Here's how to pull it off…
It's a robust approach to make an Excel table out of your data range first. So, here are the steps:
- Click in your data set and insert a Table (Insert>Table)
- In a cell outside the table type the UNIQUE-function formula and press Enter
The UNIQUE function will spill the data into the neighboring cells, so make sure you have plenty of breathing space for that.
The following figure shows you how and where to create the formula. Note how I left out the Customer ID column from the formula. Otherwise the formula returns all the records because all of them will be unique.
NOTE: Do not type the arguments for this formula. Just type =UNIQUE( and then select the range. In my example, I selected all the columns inside the table except column B with the Customer ID.
You can see the calculation results of the UNIQUE function on the next picture. Notice how this formula spills results into the adjacent cells down and to the right of the cell J2…
NOTE: When you take advantage of this technique, the list of unique records is dynamic.

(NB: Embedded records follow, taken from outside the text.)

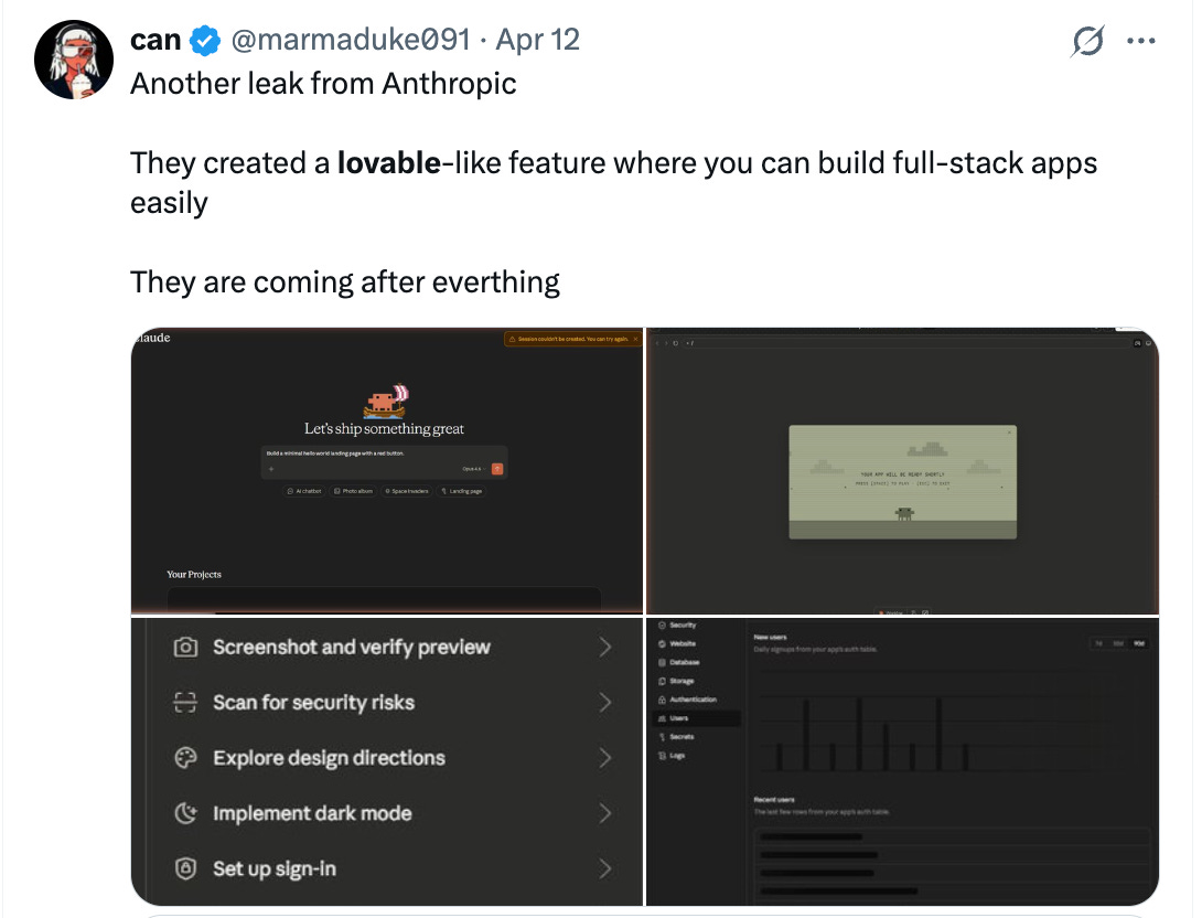Anthropic is developing a Lovable-like vibe-coding feature. That’s the most natural thing in the world, as Lovable also runs Claude under the hood. They’ll come for all those AI software that are basically wrappers of their foundational models. The only thing that limits them is compute.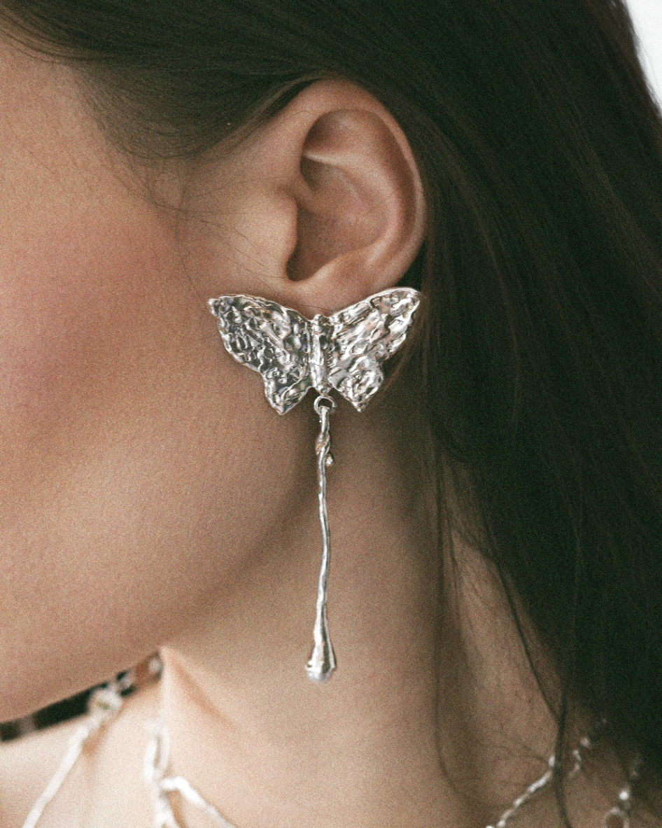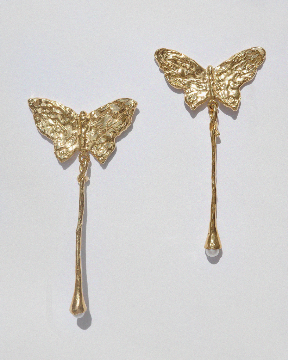 Irregular shape butterfly stud set with melted pendant set with freshwater pearl.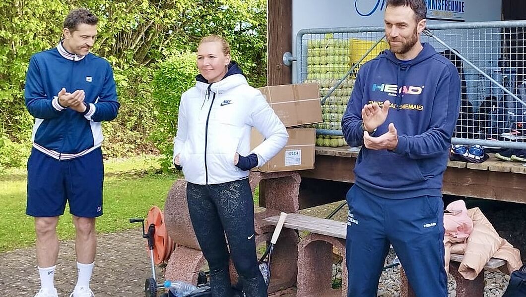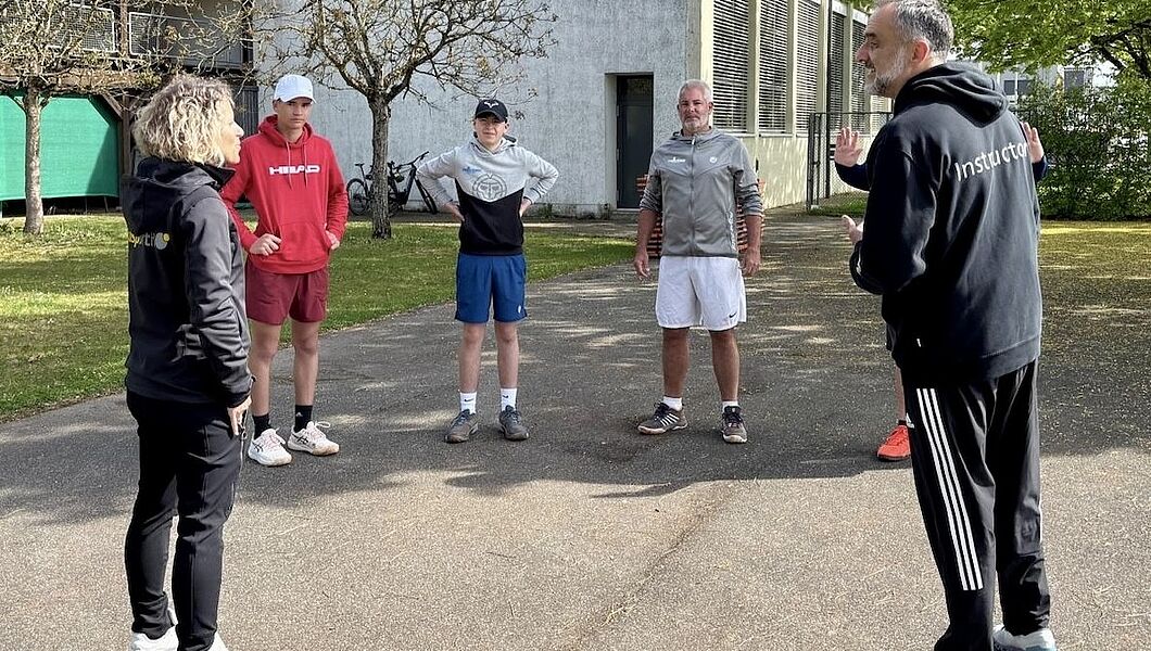 Die richtige Aufstellung im Doppel, verschiedene Spieltaktiken, eine aktive Spielgestaltung oder die Vorbereitung und Platzierung eines Winners: In den einzelnen Stunden hatten die Teilnehmerinnen und Teilnehmer die Möglichkeit, direkt von den Profis zu lernen und Spielsituationen zu üben. Dabei bleib immer auch Zeit, Fragen zu stellen oder sich zum Abschluss der Trainingseinheit mit ihnen zu messen – was mit viel Freude angenommen wurde und zu sehenswerten Duellen führte. Die sechs Gruppen wechselten nach der Einheit mit dem jeweiligen Trainer – oder der Trainerin – auf den nächsten Platz und waren so den ganzen Vormittag gefordert. Etwas ruhiger ging es hingegen bei Kerstin Doll und Markus Bertele zu. Gemeinsam stellten sie die Trainingsmethode Kinsporth vor, die das körperliche Training mit der Kinesiologie und den Meridianenergien aus der Traditionellen Chinesischen Medizin (TCM) kombiniert. Die einzelnen Übungen erforderten zwar wenig körperlichen Einsatz, waren jedoch dennoch herausfordernd, da sie dazu dienen, beide Gehirnhälften zu verknüpfen. Auf diese Weise werden nicht nur Konzentrationsfähigkeit und Fokussierung gesteigert. Kinsporth hilft zudem dabei, Stresssituationen besser zu meistern – und die können in einem Match durchaus vorkommen. „Die Verbandsrunde kann starten“, freut sich Organisator und Vorstandsvorsitzende der Tennisfreunde Birkenhard. „Alle, die das Programm heute absolviert haben, sind definitiv bestens gerüstet.“

If you add or remove records to the table, the results will change. That is the primary reason to use an Excel table instead of a regular range. The table expands when you add more data to it and it automatically adjusts the function argument for the UNIQUE formula.
It's allows you to keep the duplicates and remove them at the same time. What a nifty way to kill two birds with one stone, isn't it?